Awww, thanks, Sandy!

 

I am sure Amber will be the perfect color. Valentino darkened up over the last few years. I was never a big fan of light colored horses, until I got one. Now I just can't get enough of them!

 

And yes - I FINALLY figured out how to post pictures. Only took me 4 years lol.


----------



## Rebecca (Dec 30, 2010)

frosthillfarm said:


> Awww, thanks, Sandy!
> 
> 
> 
> ...



Nice to see my two favorite palomino boys!



I'm with you Karen, I never was a big fan of light colored horses, until Lucky and Valentino. Love my bays, easier to keep the clean appearance, but I could appreciate a nice palomino any day.

Rebecca


----------



## Riverrose28 (Jan 20, 2011)

I just learned how to post pictures, here goes another try: This is my hombred filly: River Rose Vanilla Sky Sundown, and the picture was taken by Sandy. I sold her, and a little piece of my heart went with her.


----------



## StarRidgeAcres (Jan 20, 2011)

I love palominos and have had several over the years. I can't say that I have a favorite color, but palomino sure would be high on the list. Here are some of mine:

Shoo Fly Acres Buttercup (aka Butter), 33.75" 19 year old mare (16yo in this picture). I think she's currently in foal, but don't know for sure. She's more of a golden color and carries silver I believe.






Bar Ls Pot O Gold (aka Goldie), 32", 20yo mare. Currently out on a long-term lease. She's a golden color and carries silver I think.






Star Ridge Acres Golden Miracle (aka Mira, aka Poopy). 27" 4yo mare. More of a "white" palomino. I need to get updated pics of her!
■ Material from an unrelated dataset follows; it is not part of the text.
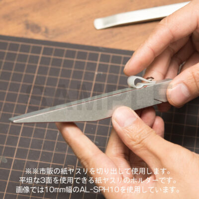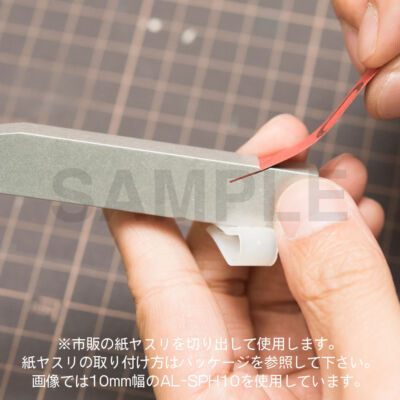市販の紙ヤスリを2cm幅、約23cmに切り出し、アルミ材に取り付けて使用します。取り付け方はパッケージまたはブログを参照してください。アルミ製なので剛性感があり、模型の面出しなどに特に役立つツールです。先が細くなった形状で狭い箇所のヤスリがけも可能。粘着剤を使わないのでアルミの平面をダイレクトに使って面出し可能です。伸縮性のある紙・布ヤスリ(コバックス社フレックスクロスなど)は使用できません。紙ヤスリは市販のものを使用してください。約230mmの定尺のものが使用できます。側面・後端に貼り付ける番手シールが付属します。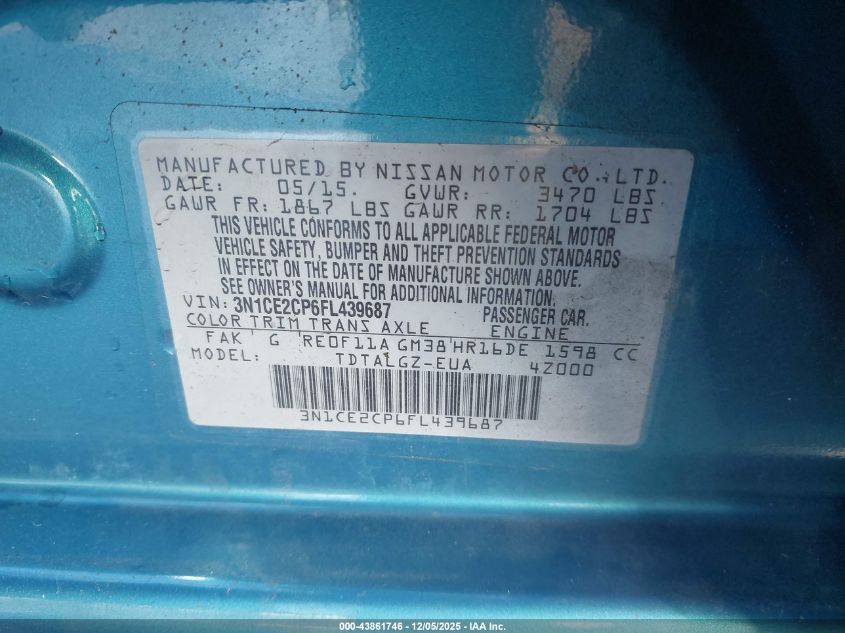 2015 NISSAN VERSA NOTE 2015 року Бензин, 1.6, Передний привод, vin - 3N1CE2CP6FL439687 из США

Sweetwaters Golden Junie, 33" 18yo mare. Pinto with one blue eye. A "white" palomino.






Previous horses:

Sera (golden)






Storm (now deceased). Very golden, partial blue eyes.


----------



## maplegum (Jan 20, 2011)

The many shades of Bailey.
















Love my golden boy


----------



## starlight stables (Jan 21, 2011)

eagles ring farm said:


> Can we see all those Palomino beauties
> 
> Ours are or new stallion coming 3 yr old- 30.5" amhr /amha
> 
> ...


He is a real beauty, you may be proud on him

@ nice pics of palominos

At this moment <I don't have a palomino, but in the future a go have many palominos

This year I go cover my cremmelo stallion Shareef , he is a son of Little Kings Buckeroo Cavalier






with my mare Cocktail , that gives me palomino

Buth I must wait to 2012 to see their first foal


----------



## little lady (Jan 22, 2011)

I am sooo enjoying seeing everyones stunning horses!


----------



## countrycharm (Jan 23, 2011)

Palomino Pinto filly i bred 2010 season sired By my stallion Buck Ons Cinnamax and out of my lovely mare Windflower of featherstream, have sold this wee girl she is here until weaning im sooooo going to miss her!!!















Love seeing everyone's pallys



GORGEOUS


----------



## High Meadow Miniatures (Jan 25, 2011)

You all have some beautiful palominos





I have four here; my 3yo filly Miracle, two 2010 foals and my APHA 4yo filly Sierra.

This is Miracle as a foal






One of the 2010 colts, Dipped In Gold (named for his pattern)




and





And here is a pasture shot this winter of Sierra










I just realized after counting my palominos up, all four are also pintos.


----------